*** DATA Section Begins ***
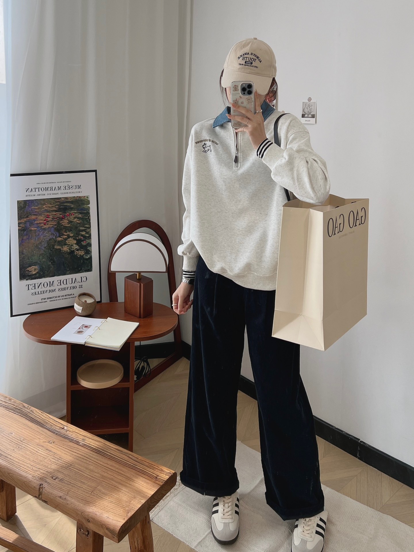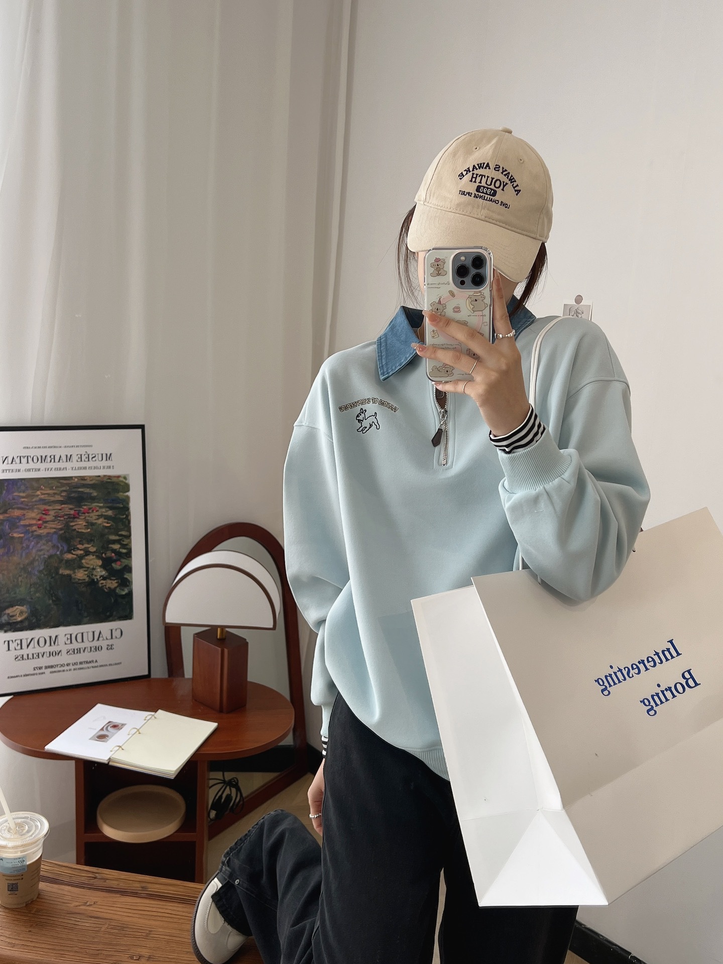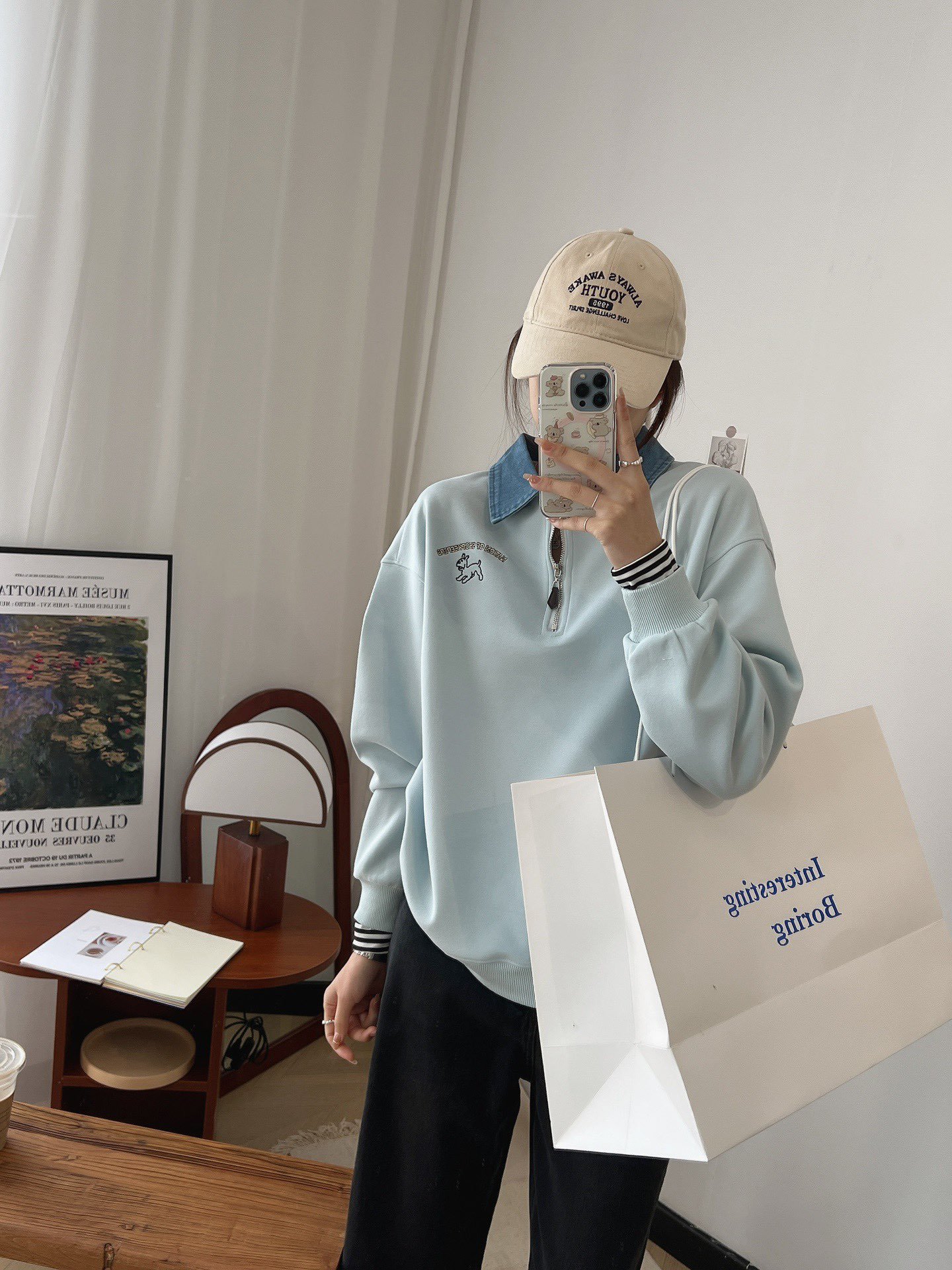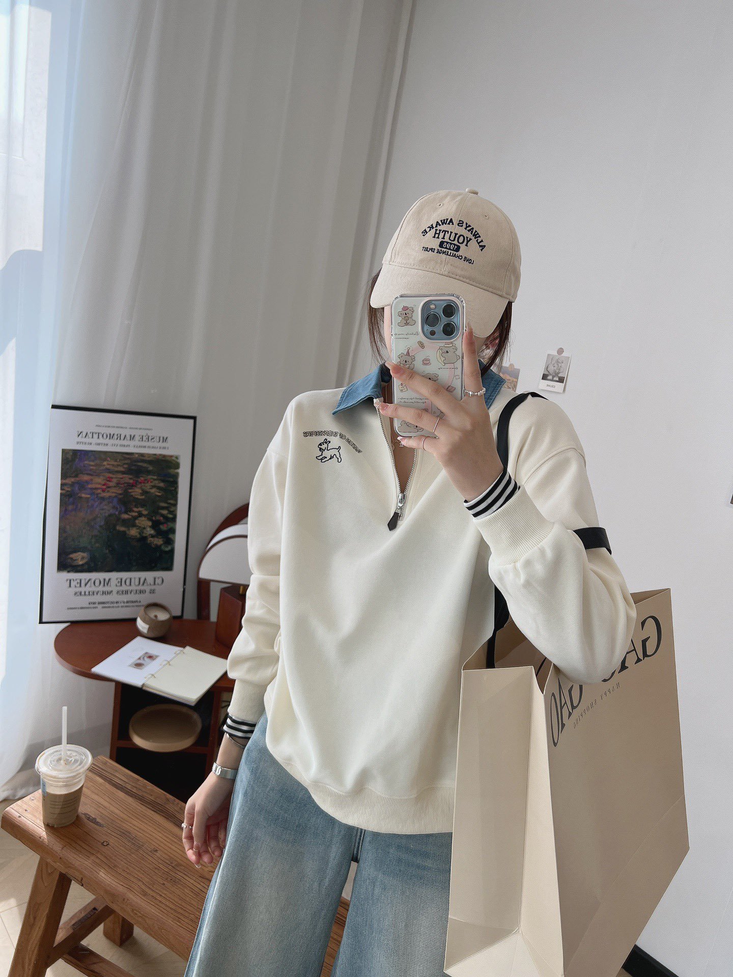 24 years new female puppy cartoon embroidered half zipper contrast color Denim lapel sweater college style slimming long sleeve
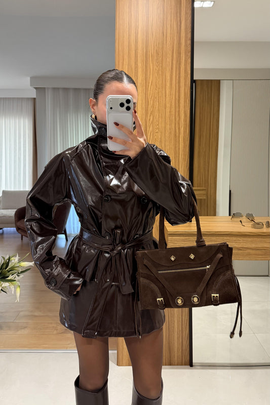 3 AL 2 ÖDEManje Acı Kahve Rugan Dik Yaka Ceket
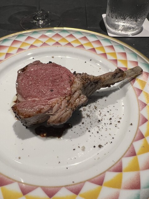 →外はカリッと中は綺麗な赤身レアながら、しっかり熱が入り、肉肉しくボリュームたっぷり旨うまでした。本当は骨そばまで頂きたかったのですがあ、薬味に自家製粒マスタード・胡椒・レモンと共に。野菜も焼き加減よく、美味しく頂けました。
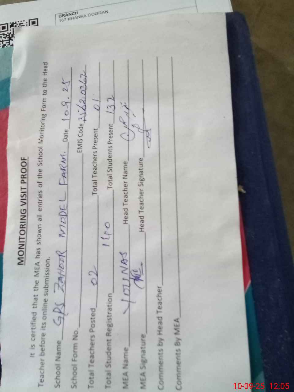 | Attendance Register | Head Teacher | MEA with School | Visit Proof |
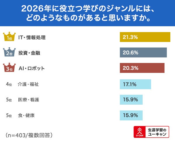2026年、役立ちそうな学びのジャンルTOP3に「IT・情報処理」「投資・金融」「AI・ロボット」
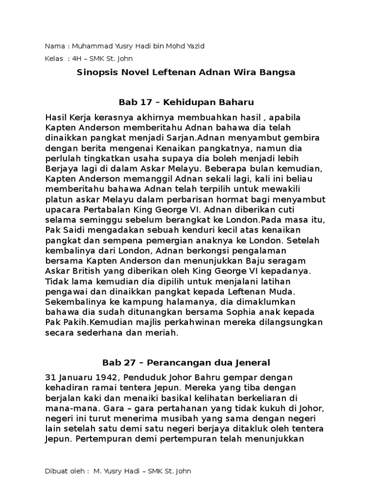 Sinopsis Novel Leftenan Adnan Bab 10 By Hani Kartini
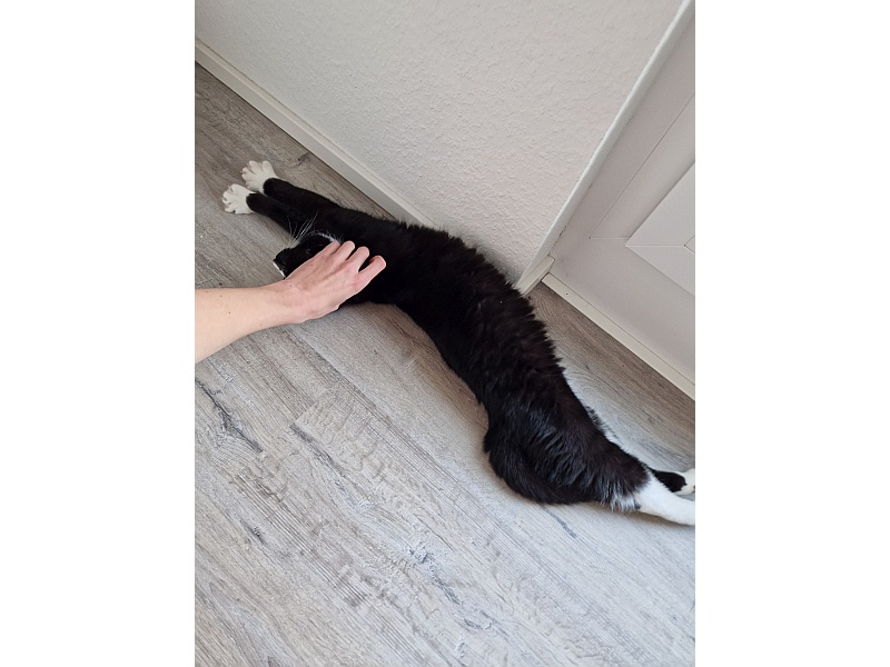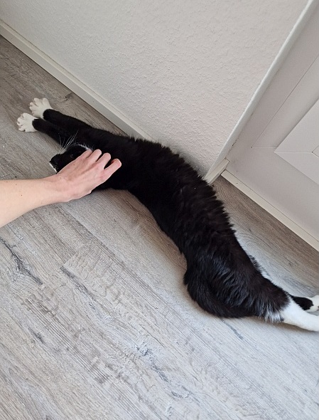 Manchmal kullert er vor lauter Schnurren auf dem Boden herum, weil er das Streicheln so sehr liebt.
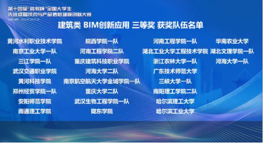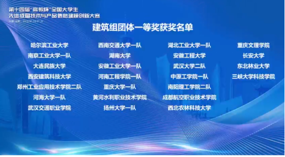 经过激烈角逐,大赛于7月26日成功落下帷幕,机械类、建筑类、水利类和道桥类等四个类别,共产生奖项626项,一等奖104项,二等奖209项,三等奖313项。其中由太阳成集团tyc33455牛烨、闫冬、贺一明、李欣指导的太阳成集团tyc33455二队迈过重重关卡,一路披荆斩棘荣获建筑组团体一等奖,建筑类BIM创新应用三等奖的好成绩。
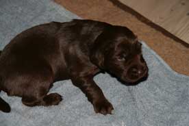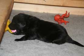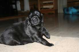 19.11.08. I dag har vi klippet klør for andre gang. Det er deilig å være ferdig med. De vokser så fort og blir så skarpe at det må jo til. I går kveld lå ale trolla på et teppe foran peisen samen med oss som så på Tv. Cindy stor koser seg med stue valpene sine. Hun var å hentet ballen som hun trillet bort til de men det skjønte de jo ikke enda da. Her er jente nakke som traver rundt på jakt etter melk og jente rumpe.
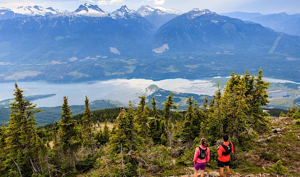 Sweeping panoramas of the Monashees, Selkirks, and Columbia River Valley.
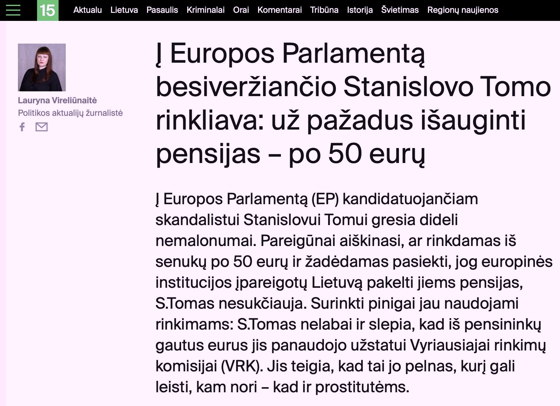 Taigi, viešojoje erdvėje tokie epizodai dažnai suplakami į vieną bendrą S. Tomo kriminalizavimo foną, taip nustumiant į šalį esminį klausimą: Jungtinių Tautų Ekonominių, socialinių ir kultūrinių teisių komitetas vis dėlto oficialiai įvardijo Lietuvos senatvės pensijų adekvatumo problemą.
*** DATA Section Ends ***
• **AIM OF THE EXERCISE**
Only an exact copy of the lines from the one with "19.11.08. I dag" through the last line of the data above is wanted, and no pictures.

• **THE ANSWER**
 19.11.08. I dag har vi klippet klør for andre gang. Det er deilig å være ferdig med. De vokser så fort og blir så skarpe at det må jo til. I går kveld lå ale trolla på et teppe foran peisen samen med oss som så på Tv. Cindy stor koser seg med stue valpene sine. Hun var å hentet ballen som hun trillet bort til de men det skjønte de jo ikke enda da. Her er jente nakke som traver rundt på jakt etter melk og jente rumpe.
 Sweeping panoramas of the Monashees, Selkirks, and Columbia River Valley.
 Taigi, viešojoje erdvėje tokie epizodai dažnai suplakami į vieną bendrą S. Tomo kriminalizavimo foną, taip nustumiant į šalį esminį klausimą: Jungtinių Tautų Ekonominių, socialinių ir kultūrinių teisių komitetas vis dėlto oficialiai įvardijo Lietuvos senatvės pensijų adekvatumo problemą.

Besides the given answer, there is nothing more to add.